[SERVER-34498] mongo balancer often won't start back up Created: 16/Apr/18 Updated: 27/Oct/23 Resolved: 16/Apr/18 |
|
| Status: | Closed |
| Project: | Core Server |
| Component/s: | Sharding |
| Affects Version/s: | None |
| Fix Version/s: | None |
| Type: | Improvement | Priority: | Major - P3 |
| Reporter: | Matthew Kruse | Assignee: | Kaloian Manassiev |
| Resolution: | Works as Designed | Votes: | 0 |
| Labels: | None | ||
| Remaining Estimate: | Not Specified | ||
| Time Spent: | Not Specified | ||
| Original Estimate: | Not Specified | ||
| Issue Links: |
|
||||||||
| Participants: | |||||||||
| Description |
|
sh.status() output
No locks
This collection is sharded so it ought to be doing something.
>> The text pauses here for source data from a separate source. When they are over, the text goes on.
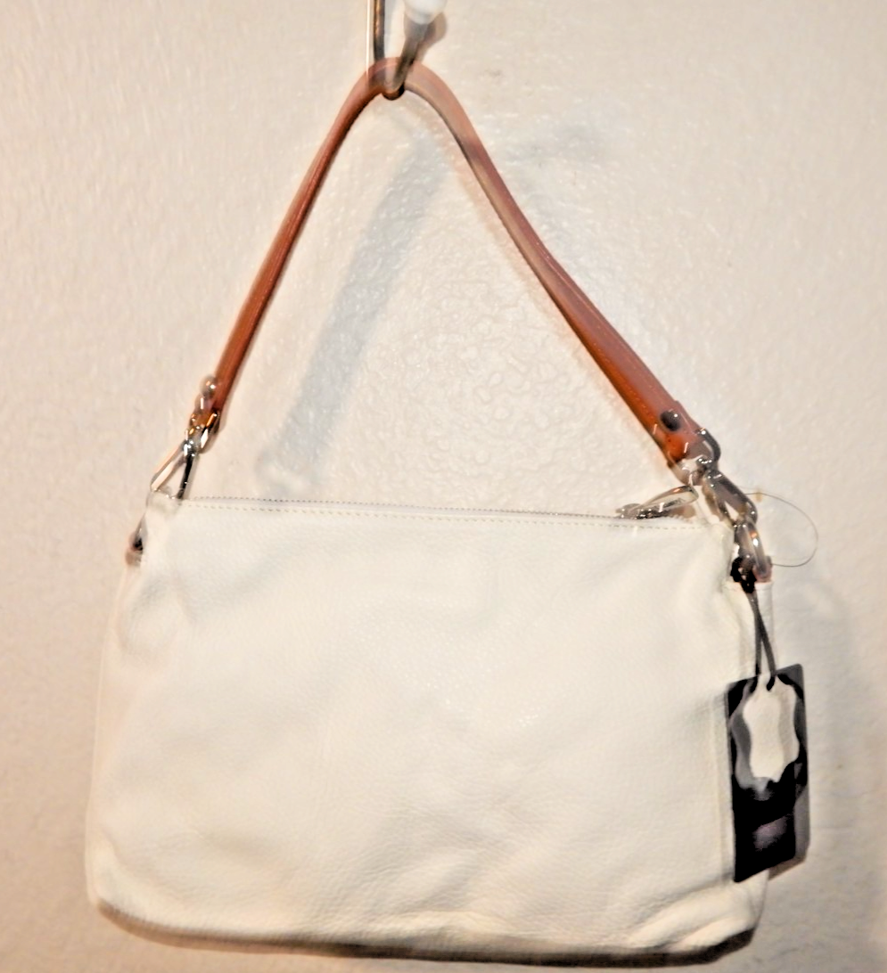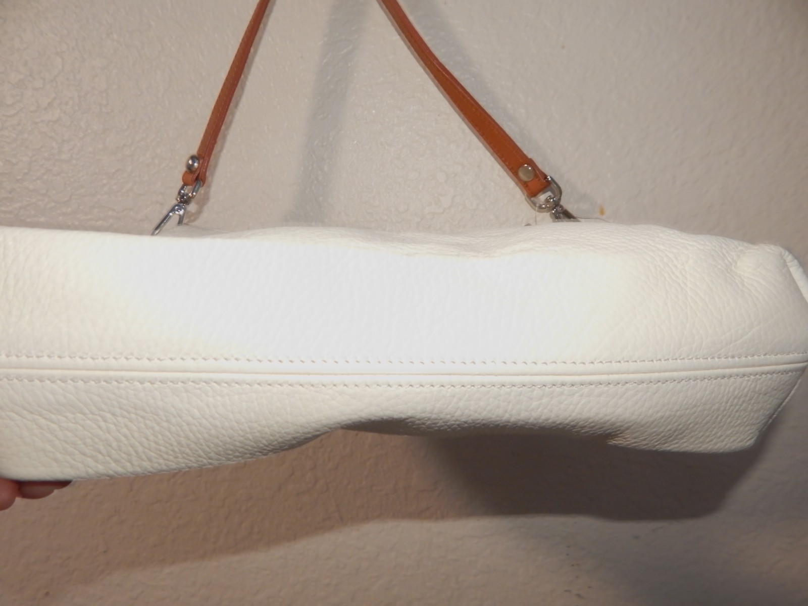 Color: WHITE Exterior with Brown Genuine Leather Handle and Shoulder Strap
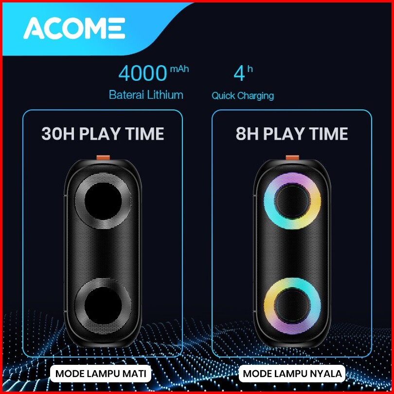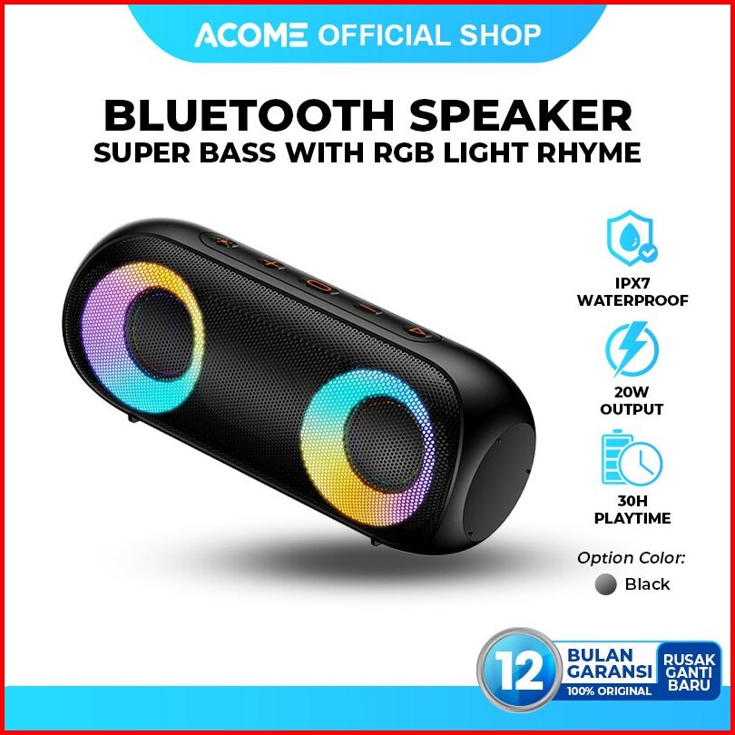 Acome Super Bass Speaker Bluetooth 5.0 20w Ipx7 Waterproof Rgb Light Rhyme Rave Party A20
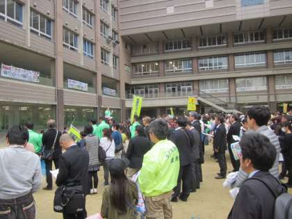 京都御池中学には,たくさんの方が集合していました。
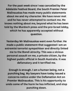 The Adelaide Book Festival chose to disinvite her thereafter, on the vague grounds that it would not be "culturally sensitive" to have her after the Bondi atrocity.
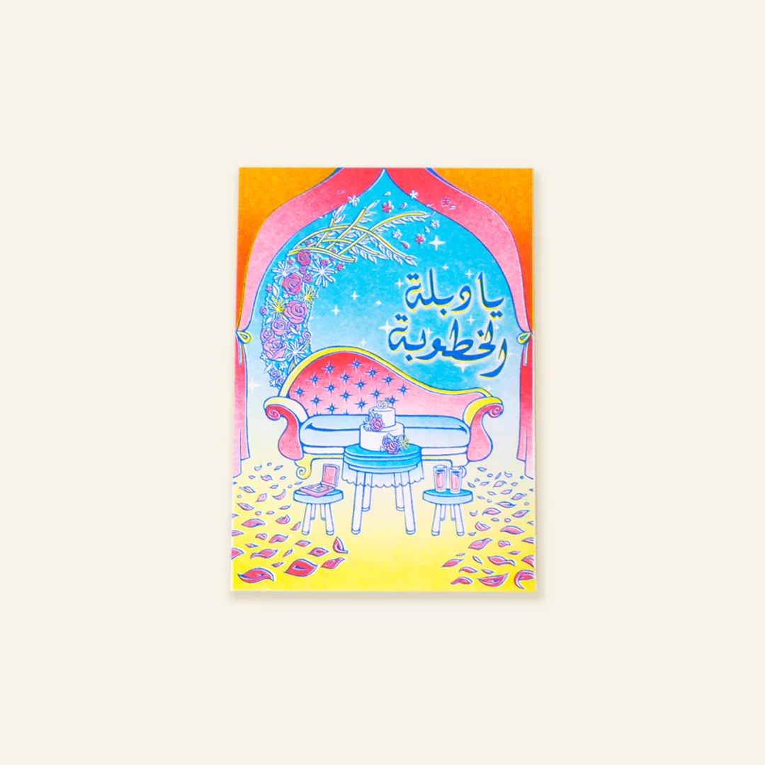 Capture the romance and excitement of the rings with this nostalgic design. "Ya Deblet El Khotouba" is a timeless phrase that instantly evokes the promise and joy of the engagement.

It's done nothing in over 4 days and I have multiple collections out of balance that it should be working on. mongos> db.chunks.aggregate([ { $match: {ns: "some.collection"}}, { $group:{ _id: "$shard", cnt: { $sum: 1}} }, {$sort: {"_id": 1}} ]); { "_id" : "rs0", "cnt" : 647 } { "_id" : "rs1", "cnt" : 648 } { "_id" : "rs2", "cnt" : 648 } { "_id" : "rs3", "cnt" : 648 } { "_id" : "rs4", "cnt" : 648 } { "_id" : "rs5", "cnt" : 648 } { "_id" : "rs6", "cnt" : 649 } { "_id" : "rs7", "cnt" : 648 } { "_id" : "rs8", "cnt" : 642 } { "_id" : "rs9", "cnt" : 591 }
mongos> printjson(sh.isBalancerRunning()); printjson(sh.isBalancerRunning()); new ISODate(); printjson(sh.startBalancer()); new ISODate(); db.version() 2018-04-16T10:19:51.289-0700 E QUERY [thread1] Error: assert.soon failed, msg:Waited too long for lock balancer to change to state undefined : mongos> db.version()
|
| Comments |
| Comment by Matthew Kruse [ 16/Apr/18 ] | ||||||||||||||||||||||
|
Seeing chunks move now as well. | ||||||||||||||||||||||
| Comment by Matthew Kruse [ 16/Apr/18 ] | ||||||||||||||||||||||
|
Ah that worked with a 3.6 shell, thanks. | ||||||||||||||||||||||
| Comment by Kaloian Manassiev [ 16/Apr/18 ] | ||||||||||||||||||||||
|
From the call stack it looks like you are using an older shell. The 3.6 shell doesn't have any calls to waitForDLock and directly invokes the command: https://github.com/mongodb/mongo/blob/r3.6.2/src/mongo/shell/utils_sh.js#L169 Can you please try with the 3.6 shell? | ||||||||||||||||||||||
| Comment by Matthew Kruse [ 16/Apr/18 ] | ||||||||||||||||||||||
|
I think its more complicated then that, I've been running
It always returns this error
| ||||||||||||||||||||||
| Comment by Kaloian Manassiev [ 16/Apr/18 ] | ||||||||||||||||||||||
|
The mode:off setting means that the balancer is disabled and this value is written when sh.stopBalancer() is run. This is a new setting we introduced in 3.4, but we masked it behind the balancerStart/balancerStop/balancerStatus commands so it doesn't need to be inspected directly. It looks like a bug that sh.getBalancerState() doesn't consult the balancerStatus command and looks directly at the settings. You can re-enable the balancer by running sh.startBalancer(). In the mean time I will file a separate ticket to fix getBalancerState. | ||||||||||||||||||||||
| Comment by Matthew Kruse [ 16/Apr/18 ] | ||||||||||||||||||||||
| ||||||||||||||||||||||
| Comment by Kaloian Manassiev [ 16/Apr/18 ] | ||||||||||||||||||||||
|
Can you please let me know what are the contents of the config.settings collection?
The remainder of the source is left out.